In this post, I’ll be taking you through the process of training a model (not the emphasis), exporting it, and generating an inference engine to run it on a Deep Learning accelerator (DLA) to perhaps perform some task on your robot. DLAs are more tuned to perform inferencing specifically for convolutional neural nets. So your CNN Models can run on the DLAs while other vision related or machine learning tasks are able to run on the GPU concurrently. The DLA that I am using are the ones installed on the Nvidia Jetson Xavier. Nvidia has installed DLAs on all their Xavier products.

Training

This is not the emphasis of this post. Perhaps you already have a trained model you need to generate an inference engine from. But here is one way to go about this.

I am using Dat Tran’s raccoon dataset posted on roboflow.ai. In addition to datasets Roboflow provides data preprocessing and augmentation services. They also provide Google Colab notebooks for training — all for free. I’ll be using their PyTorch YoloV4 Colab notebook — I’ve had to make some changes to make their notebook work, I’ll outline that here.

Firstly, set up your environment by cloning the YoloV4 repo, install requirements, and download the pertained weights.
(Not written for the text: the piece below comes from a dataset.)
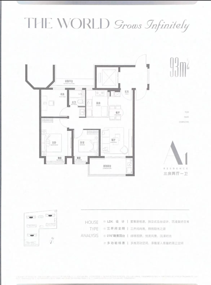 建面约93㎡3房2厅1卫

Next, upload your dataset to Colab. Make sure the file names do not have spaces in them. Or you can implement your own get_image_id method in dataset.py. Now you’ll need to change the cfg.py file according to your specifications.

  • Change the use_darknet_cfg parameter to False if you’re using the PyTorch converted weights
  • You probably want to change batch size to 4 if you are training on Colab
  • Change the train_label and val_label parameters to point to the correct places
  • Change height and width according to your dataset
  • Finally, go to the train.py file on line 135 and change the image size there as well

To save some space, you can also edit the training loop to only save the weights every X epochs instead of every epoch. You can do this by simply adding an extra if-statement before you save the weights — the first line of the following snippet

Now run the train file, the Colab notebook has an explanation of the arguments you can use.
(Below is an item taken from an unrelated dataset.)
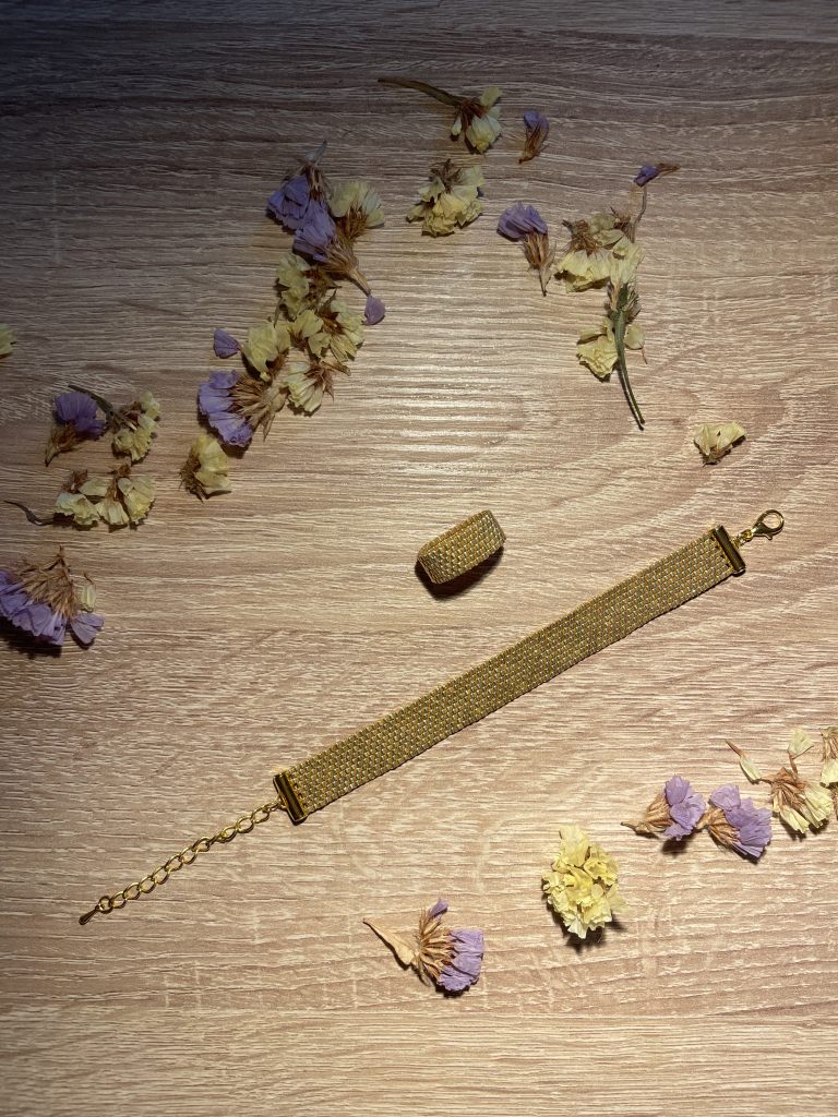 Браслет и кольцо из японского золотого бисера.

If you run into trouble with the train/validate paths, try going to train.py on lines 247 and 248 try replacing config.train_label and config.val_label with the full paths of the respective driectories.
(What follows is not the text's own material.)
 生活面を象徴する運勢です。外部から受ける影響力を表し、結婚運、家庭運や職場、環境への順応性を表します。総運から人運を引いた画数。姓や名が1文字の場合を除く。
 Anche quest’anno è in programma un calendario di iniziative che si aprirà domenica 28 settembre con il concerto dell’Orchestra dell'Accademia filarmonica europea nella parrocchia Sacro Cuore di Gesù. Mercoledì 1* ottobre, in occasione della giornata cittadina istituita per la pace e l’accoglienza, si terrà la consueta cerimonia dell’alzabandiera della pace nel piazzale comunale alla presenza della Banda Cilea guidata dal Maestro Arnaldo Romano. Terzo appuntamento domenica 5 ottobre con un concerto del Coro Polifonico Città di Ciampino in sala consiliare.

Converting PyTorch Model to ONNX

This consists of two steps. Building the model form the weights file, and then exporting it as onnx. Loading the model is pretty strait forward in PyTorch. Make sure you have the python file containing the model classes as well — you need this for re-constructing the model (with your trained weights) from the weights (.pth) file.

Now we actually perform the export. The important line to understand is the torch.onnx.export method and it’s parameters;

  • model the trained model
  • inputs model input (or a tuple for multiple inputs)
  • onnx_name where to save the model
  • export_params store the trained parameter weights in the model file
  • opset_version the version of ONNX to export to
  • do_constant_folding whether to execute constant folding for optimization
  • input_names model’s input names
  • output_names model’s output names
  • dynamic_axis variable length axes

Create TensorRT Engine from ONNX Model

First you need to have TensorRT installed on your machine. If you are working on a jetson, it comes pre-built with the Jetpack SDK. If not, follow installation instructions here.

Building trtexec — Command Line Program

The trtexec tool will be what we use to actually convert the .onnx file to an inference engine — which will have a .trt file extension.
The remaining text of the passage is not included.